- [DATASET CONTENT]:

◇ ◇ ◇ ◇ ◇

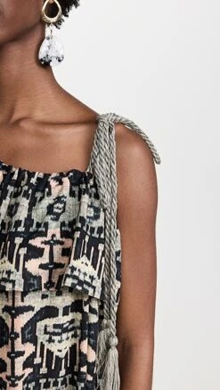 - Asymmetrical off-shoulder neckline with braided tie strap
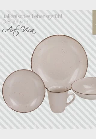 4 Kaffeebecher 400 ml, 4 Speiseteller, 26,5 cm, 4 Dessertteller, 20 cm, 4 Universalschüsseln
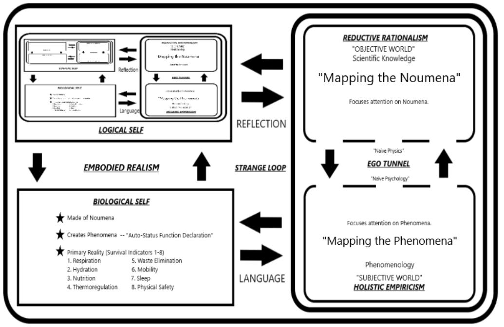 Humans have the distinct ability to create highly detailed maps of their surroundings. This map making ability turned inwards - this is what we call Consciousness and it isn’t mysterious. However, the problem for the Reductive Rationalist and the Holistic Empiricist alike is that the Strange Loop has to have an origin somewhere, and that somewhere is in the Noumena - the ineffable Noumena. If you follow the Logic to its logical end, you find yourself in a position where you have to say that you are using Logic to explain the origin of Logic itself - it’s the Münchhausen Trilemma all over again. It’s the Liar’s Paradox. It’s Gödel's Incompleteness Theorems. Human Logic creates paradox. In this scenario, only the Skeptical Perspective Logically prevails - Taking the Skeptical Perspective, which I call ‘1% Arguments’, will always win in a Logical argument. This explains why Science can never claim Certainty about anything, but can still prove things wrong in an Empirical way. This also explains why meanings and concepts are fuzzy and that sometimes you can’t definitively describe anything with precision, but you can also “know it when you see it”. This is where the problems of Philosophy begin and end.

◇ ◇ ◇ ◇ ◇

- [WORK INSTRUCTIONS]:
In full and without changes, repeat the listing above, but not its pictures.

- [RESPONSE AREA]:
 - Asymmetrical off-shoulder neckline with braided tie strap
 4 Kaffeebecher 400 ml, 4 Speiseteller, 26,5 cm, 4 Dessertteller, 20 cm, 4 Universalschüsseln
 Humans have the distinct ability to create highly detailed maps of their surroundings. This map making ability turned inwards - this is what we call Consciousness and it isn’t mysterious. However, the problem for the Reductive Rationalist and the Holistic Empiricist alike is that the Strange Loop has to have an origin somewhere, and that somewhere is in the Noumena - the ineffable Noumena. If you follow the Logic to its logical end, you find yourself in a position where you have to say that you are using Logic to explain the origin of Logic itself - it’s the Münchhausen Trilemma all over again. It’s the Liar’s Paradox. It’s Gödel's Incompleteness Theorems. Human Logic creates paradox. In this scenario, only the Skeptical Perspective Logically prevails - Taking the Skeptical Perspective, which I call ‘1% Arguments’, will always win in a Logical argument. This explains why Science can never claim Certainty about anything, but can still prove things wrong in an Empirical way. This also explains why meanings and concepts are fuzzy and that sometimes you can’t definitively describe anything with precision, but you can also “know it when you see it”. This is where the problems of Philosophy begin and end.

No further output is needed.